Segment Start: SUPPLIED INFORMATION

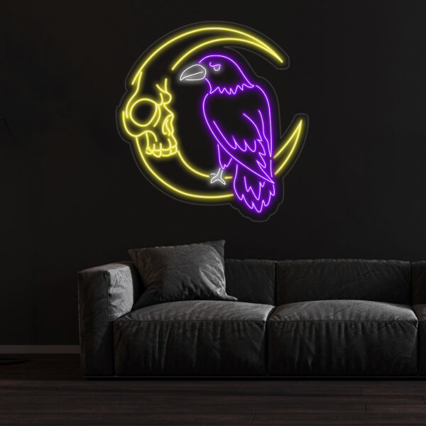 Custom Raven And Moon Skull Neon Sign, Raven Led Sign, Raven Neon Light, Bird Led Light, Animal Wall Art Light, Gift for Bird Lover
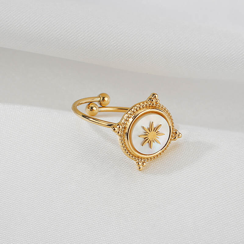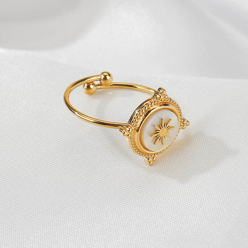 2021 New Fashion Bijoux Gold Exaggerated Simple Ring Polaris With Natural Stone Stainless Steel Jewelry Women Rings
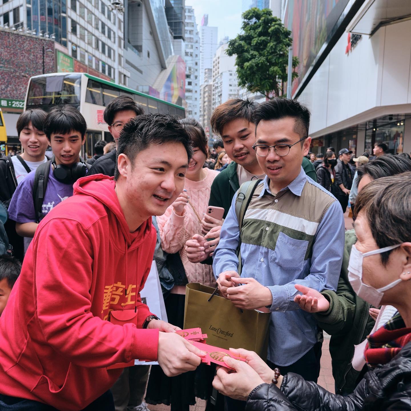 鍾培生在農曆年向途人大派100元利是。
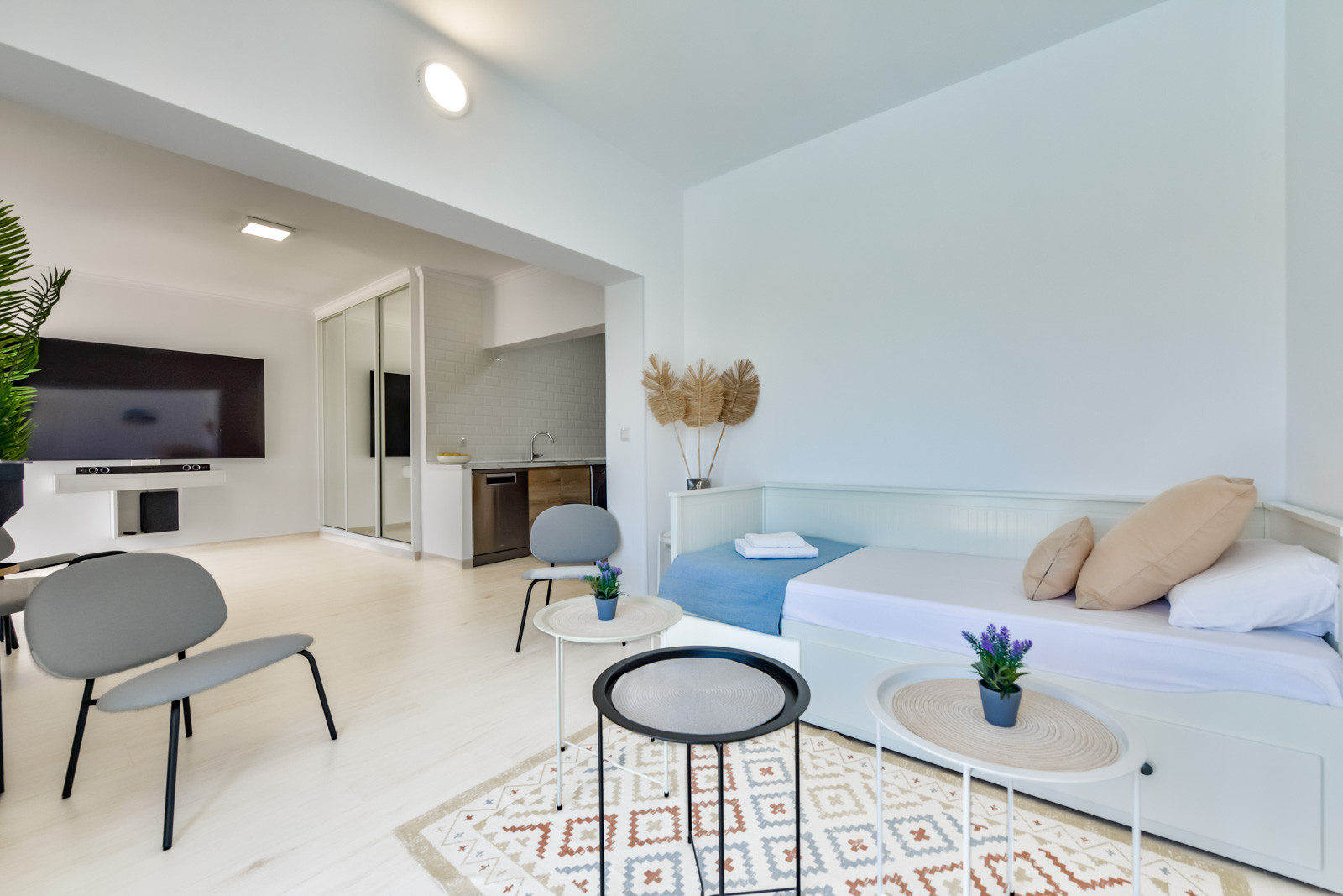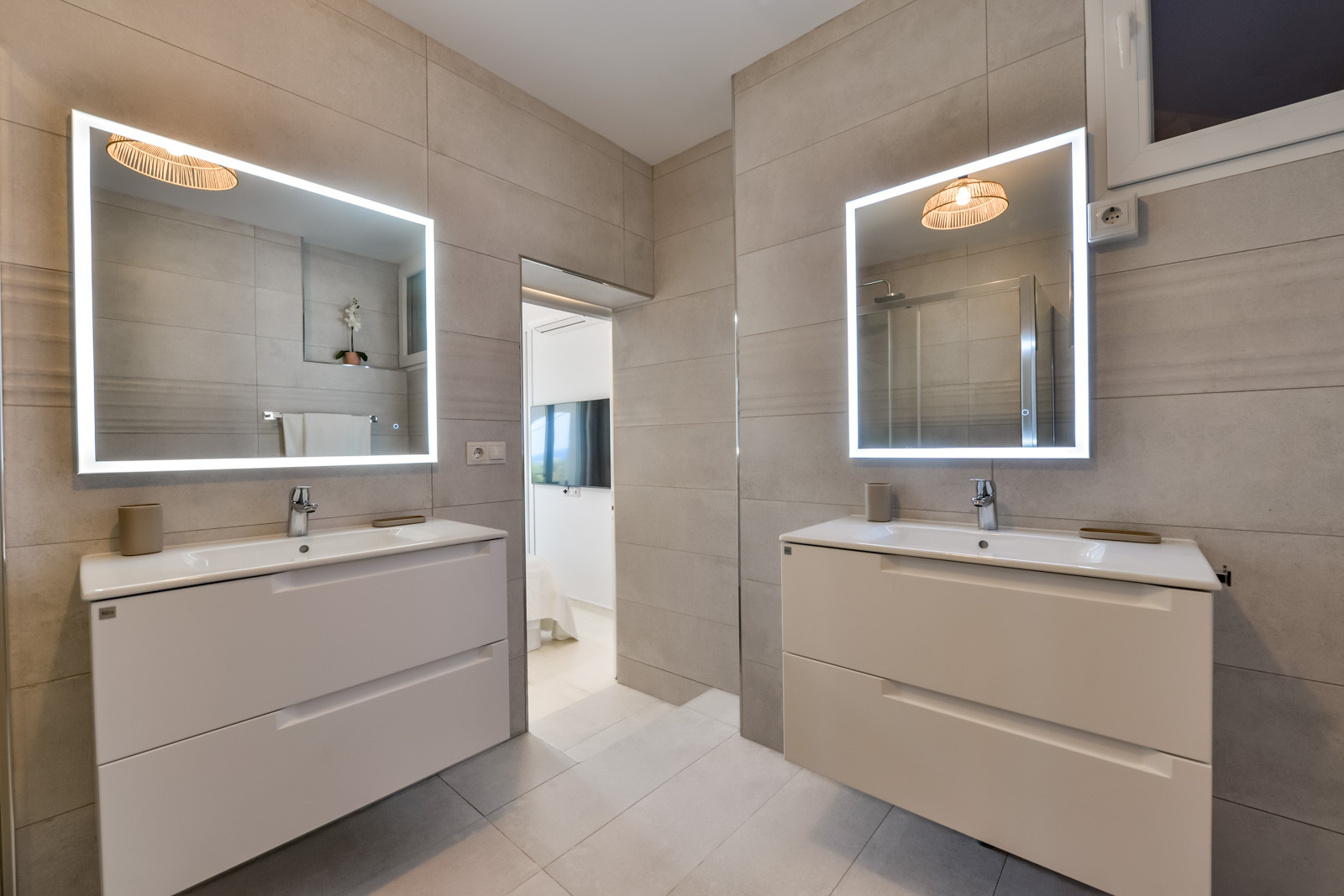 Die Villa verfügt über eine Hauptwohnung, zu der man eine Treppe hinuntergeht (die obere Wohnung bleibt geschlossen und leer) und besteht aus einem Schlafzimmer mit Doppelbett und Klimaanlage und einem Badezimmer en suite mit Dusche, einem Schlafzimmer mit Doppelbett und Klimaanlage und einem Badezimmer mit Dusche en suite, dem dritten Schlafzimmer mit Doppelbett, Badezimmer en suite mit Dusche und Klimaanlage. Offene Küche, ein Wohnzimmer mit Schlafsofa, Klimaanlage und Kamin, überdachte Terrasse, auf der Sie sowohl im Sommer als auch im Winter Familienmahle und -abendessen genießen können, mit einem wunderschönen Blick aufs Meer.

Segment End: SUPPLIED INFORMATION

WORK REQUEST ::
Repeat the data exactly in full, omitting its pictures.

RESULT OF THIS EXERCISE ::
 Custom Raven And Moon Skull Neon Sign, Raven Led Sign, Raven Neon Light, Bird Led Light, Animal Wall Art Light, Gift for Bird Lover
 2021 New Fashion Bijoux Gold Exaggerated Simple Ring Polaris With Natural Stone Stainless Steel Jewelry Women Rings
 鍾培生在農曆年向途人大派100元利是。
 Die Villa verfügt über eine Hauptwohnung, zu der man eine Treppe hinuntergeht (die obere Wohnung bleibt geschlossen und leer) und besteht aus einem Schlafzimmer mit Doppelbett und Klimaanlage und einem Badezimmer en suite mit Dusche, einem Schlafzimmer mit Doppelbett und Klimaanlage und einem Badezimmer mit Dusche en suite, dem dritten Schlafzimmer mit Doppelbett, Badezimmer en suite mit Dusche und Klimaanlage. Offene Küche, ein Wohnzimmer mit Schlafsofa, Klimaanlage und Kamin, überdachte Terrasse, auf der Sie sowohl im Sommer als auch im Winter Familienmahle und -abendessen genießen können, mit einem wunderschönen Blick aufs Meer.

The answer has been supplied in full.